That is to say that the cache always reads 4 bytes at a time from main memory, and always writes 4 bytes at a time to main memory. If the cache needs to read the byte at address 57, then it reads the bytes at addresses 56, 57, 58, 59 all at the same time, even though bytes 56, 58, 59 are not needed. Ditto for write.

Saying that it is a direct-mapped cache means that there is only one possible place in the cache for each byte from main memory. In the case of a byte with address n, it goes in cache line number (n >> 2) % 8192. There are 8192 (i.e. 2 to the power of 13) cache lines in each cache, each containing 4 bytes. The byte goes in the line that has the number formed from the 13 low bits 14-2 of the byte's address.
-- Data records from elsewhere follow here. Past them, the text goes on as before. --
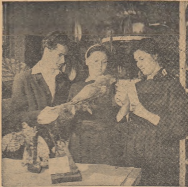
În muzeul de științe naturale al Școlii medii „D. Cantemir” din Capitală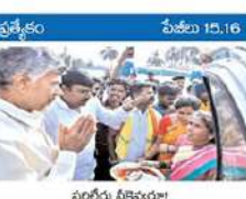
తలారలో డిసెం 10 | ప్రజల దర్శం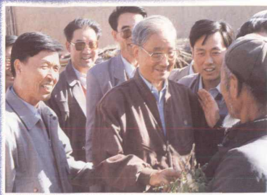
宋平视察古浪灌区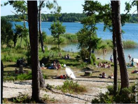
sport acquatici nelle vicinanze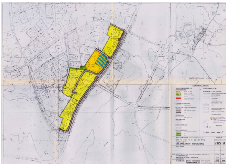
Figur 2: Gang- og sykkelvegen er allerede regulert på store deler av den aktuelle strekningen.

Statens vegvesen viser til «Regional plan for areal transport i Oslo og Akershus», vedtatt i Akershus fylkeskommune desember 2015, om at all trafikkvekst skal skje med sykkel, gange og kollektivt. Det er et overordnet politisk mål, forankret i Akershus fylkeskommune og Miljøverndepartementet, om at fotgjengere og syklistene skal prioriteres før biltrafikk. For å legge til rette for dette er det viktig å gjøre det attraktivt for folk å velge dette alternativet.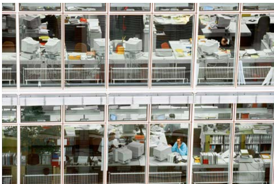
La statistique de l'emploi se fonde sur un échantillon de 62 000 établissements des secteurs secondaire et tertiaire. Son but est la production d'indicateurs conjoncturels décrivant l'évolution de l'emploi en Suisse.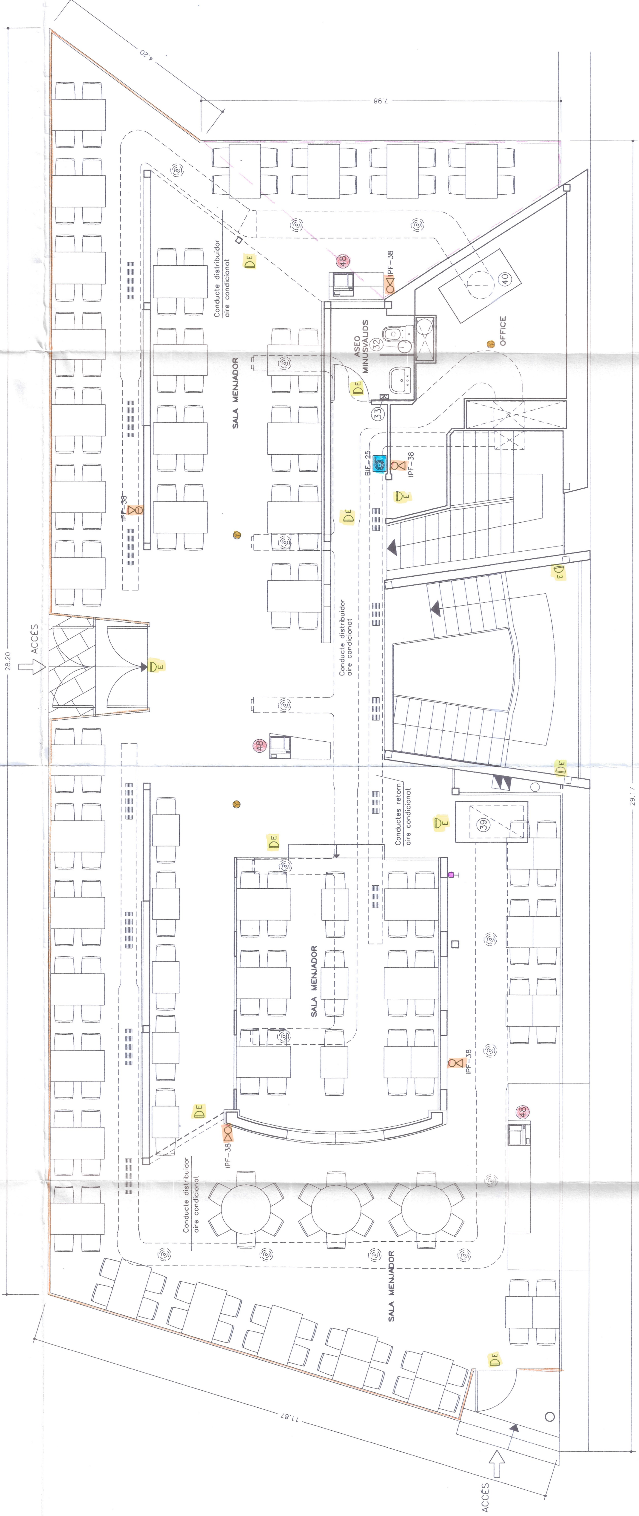
PLANTA SUPERIOR Esc. 1:50

That is a fair design for a non-multitasking operating system, but the cache will thrash badly if more than one program runs alternately in the CPU.

The cache line that fills with the group of 4 bytes starting at address n gets given the cache tag (n >> 2) / 8192 consisting of the 17 high bits 31-15 of the byte's address. Inside the cache, the tag of the predicted cache line is examined to determine if a wanted byte is in the cache or not.

The cache is write-through, which means that as soon as data is written to the cache, it is written on to main memory too. This makes writing to the cache as slow as writing to main memory. So why bother? The answer is that one would have to write to main memory anyway, and letting the cache snoop the data on the way there doesn't cost anything extra over that. It's just that one could have run even faster if main memory could have been updated opportunistically instead (a "write-back" cache). On the plus side, it saved me effort, as I didn't have to put in the accounting for whether data in cache has gone to main memory yet or not.

Direct mapping also saved programming effort in the code because no (non-trivial!) LRU algorithm was required. There's no "choosing" which cache entry to evict when a new datum is written in a direct-mapped cache. There is only one place each datum can go, so only one possible choice for eviction.

What's new now?

Concretely, the caching model differs from the non-caching models in terms of the Java code as follows:

There is no difference visible at the top level:

There is a new Cache class representing the cache, and the only difference in the code is that the Memory unit has two Cache objects created inside it by the main() setup code.

Caches have just read and write methods for 32-bit integers (4 bytes) at a time. Read can raise an exception (when the cache doesn't have the data requested), write always succeeds. When memory wants to read or write just a single byte to cache it has to diddle with the 32-bit cache data itself. Both cache read and write methods take the address/4 as argument, because they always deal in sets of 4 bytes.

The constructor builds an internal array of nlines cache line tags and a corresponding space for the lines of cache data themselves, each 4 bytes long:

    Cache(int size) {
        nlines = size / 4;
        tags   = new int [nlines];
        lines  = new byte[nlines][4];
    }

A cache write involves calculating the array index of the cache line that is affected (line_idx) and checking the tag on that line to see if it matches that for the address being written (line_tag). If it does, there has been a cache hit on write. If it does not, then the write is a cache miss. The hit/miss statistics are collected for later, though the code inserts that do that are not shown here.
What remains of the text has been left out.